I REFER to Bill Brown’s letter (June 12) about Gaelic. Mr Brown is, of course, entitled to his view about the use of Gaelic language as inappropriate. However, I am happy to say that there has been very clear support from people in Scotland for Gaelic. Social surveys undertaken in recent years have shown that 81 per cent of the population are positive about the language and culture.

For information, the Gaelic Language (Scotland) Act 2005 was passed by a Labour/Liberal Democrat Executive, with cross-party political support. This undermines somewhat the assertion that the drive to spread it through signage is political subterfuge.

If Mr Brown or other readers would like to understand better the place of Gaelic in modern Scotland, we would be delighted to provide them with more information.

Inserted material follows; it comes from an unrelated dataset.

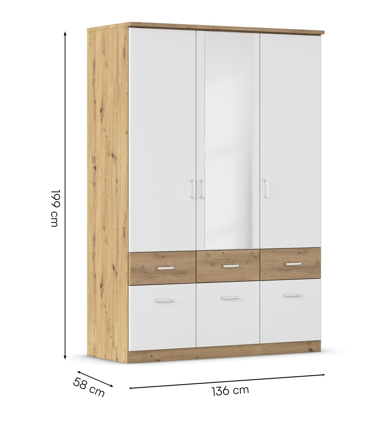 Alpinweiß - Artisan Eiche Dekor - 136 x 199 cm - 3 Türen

Shona C NicIllinnein, Ceannard [CEO], Bòrd na Gàidhlig, Inverness.

Good old days?

THAT grim picture of Glasgow’s Gaiety cinema at Anderston Cross (“1963: Cinema is temporary replacement for blaze-hit concert hall”, The Herald, June 11) brought back a few equally grim memories. A cigarette butt cast away after a boxing match destroyed the magnificent St Andrew’s Hall on October 26, 1962. I have a recollection of hearing Beethoven’s Ninth there as a child. Now all that remains is the impressive façade on Granville Street. Lord Provost Jean Roberts may have congratulated Glasgow Corporation for refurbishing the Gaiety in double-quick time, but a satisfactory replacement for St Andrew’s Hall had to wait 28 years until the Royal Concert Hall opened on October 5, 1990.

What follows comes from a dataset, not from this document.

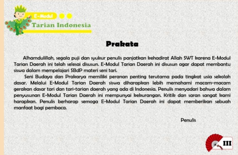 harapkan. Penulis berharap semoga E-Modul Tarian Daerah ini dapat memberikan sebuah
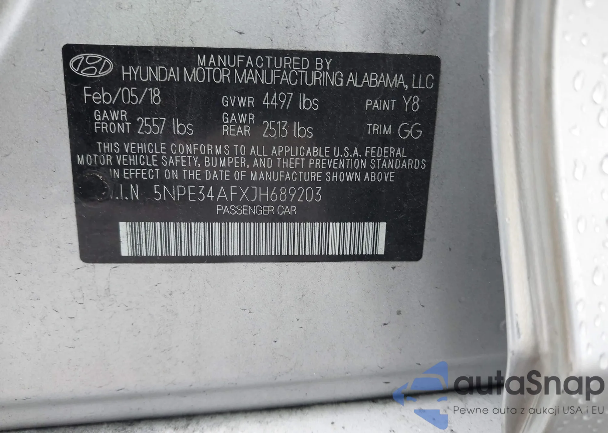 • VIN 5NPE34AFXJH689203

The fact is that Glasgow Corporation, like the rest of the UK, and indeed the world, was in thrall to the motor car. The Buchanan Report, Traffic in Towns, published on November 25 1963, which foretold the devastating effects of congestion and pollution on urban life, was lauded and then quietly buried. The last Glasgow tram had reached its terminus on September 4, 1962, and The Reshaping of British Railways, Dr Beeching’s plan to rip up the rail system, was published on March 26, 1963. The M8 began to cut its swathe through the heart of Glasgow. Sauchiehall Street has never recovered.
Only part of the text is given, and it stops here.